Я помедлила, и начала читать дальше первое заклинание. Конечно, Анна права, она знает намного больше, чем я, не надо сомневаться. Я дочитала до конца заклинание и убрала его в карман, ко второму листку.

— А если бы Ольга, гипотетически, собралась подсадить душу Сиверки в тело Павла, что бы дальше надо было делать? — Поинтересовался Сакатов.

— Как только душа, освобождённая от плена, начинает подниматься, читается второй заговор, и тоже ловится ветер, который подхватывает освобождённую душу и несётся с ней к кровному родственнику. Заговор тоже читается на четыре стороны света, а в это время ветер кружит вокруг того, в чьё тело войдёт новая душа. Потом бахлаватка делает своё дело, забирает одну душу, подсаживает в тело другую. В этот момент бахлаватку переворачивают, и захватывают новоиспечённого Сиверку в неё. Вот и всё. Дело сделано. Новый Сиверко уносится прочь, став слугой, готовым по первому зову своего хозяина исполнить его приказы. Или уносится раньше и становится свободным, если не успел несостоявшийся хозяин перевернуть бахлаватку, и захватить Сиверку.

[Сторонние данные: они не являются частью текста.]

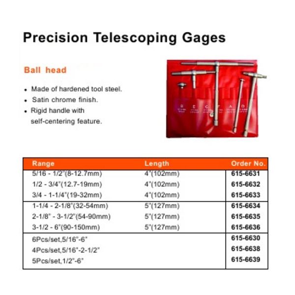 Telescoping Gauges Used for comparative measurement of bore diameter and groove width -Spring loaded plunger expands within the hole whilst knurled clamp allows contacts to be locked in position then removed and measured using a micrometer or caliper -Available individually or as a set in a plastic wallet

Сакатов помолчал, что-то обдумывая, и сказал, ни к кому не обращаясь:

— Первый ритуал разделения я понял, а второй какой-то бессмысленный.

— Да, механизм так себе. — Поддержал его Илья — Что-то …

— А где молохи? — Дениска, перебив Илью, недоумённо уставился на стол — Я не заметил, когда ты их забрала.

— Я их не брала, — я оглядела комнату — они сами исчезли!

— Ольга, пора. — Анна встала — Я буду ждать тебя здесь, не будем разъединять камни.

— А Павел? — Спросил Илья — Он же не подъехал.

— Ольга должна одна идти. Ты ведь знаешь, как надо идти на ритуал? Не оборачиваться, не разговаривать, не обращать внимания на любые события, которые могут возникнуть по дороге.

— А куда идти? — Спросила я уже у порога.

— Не знаю, это же ты идёшь, только ты одна и будешь знать. Будешь на месте, позови Павла. Вот. И Сиверка там будет, а может уже там. Заговор не забудешь, не бойся. Он не простыми буквами написан, ты ведь это заметила? Это знаки для сердца, теперь на всю жизнь эти слова запомнишь. Мы будем ждать тебя.

Я шагнула за порог и вышла на улицу. Сумерки окутали своим мягким уютным одеялом дома, деревья, машины. Я пошла знакомой дорогой через котельную и склады к одинокому дереву. В лесу было тихо. Где-то у горизонта, на краю неба, белела светлая полоска, но под кронами деревьев была ночь. Лёгкое дуновение ветерка касалось моих волос, и он, то набегал на меня, то отступал. Теперь я относилась к ветру, как к живому существу. Мне казалось, что заговори я сейчас с ним, и он мне ответит, расскажет, где летал, что видел.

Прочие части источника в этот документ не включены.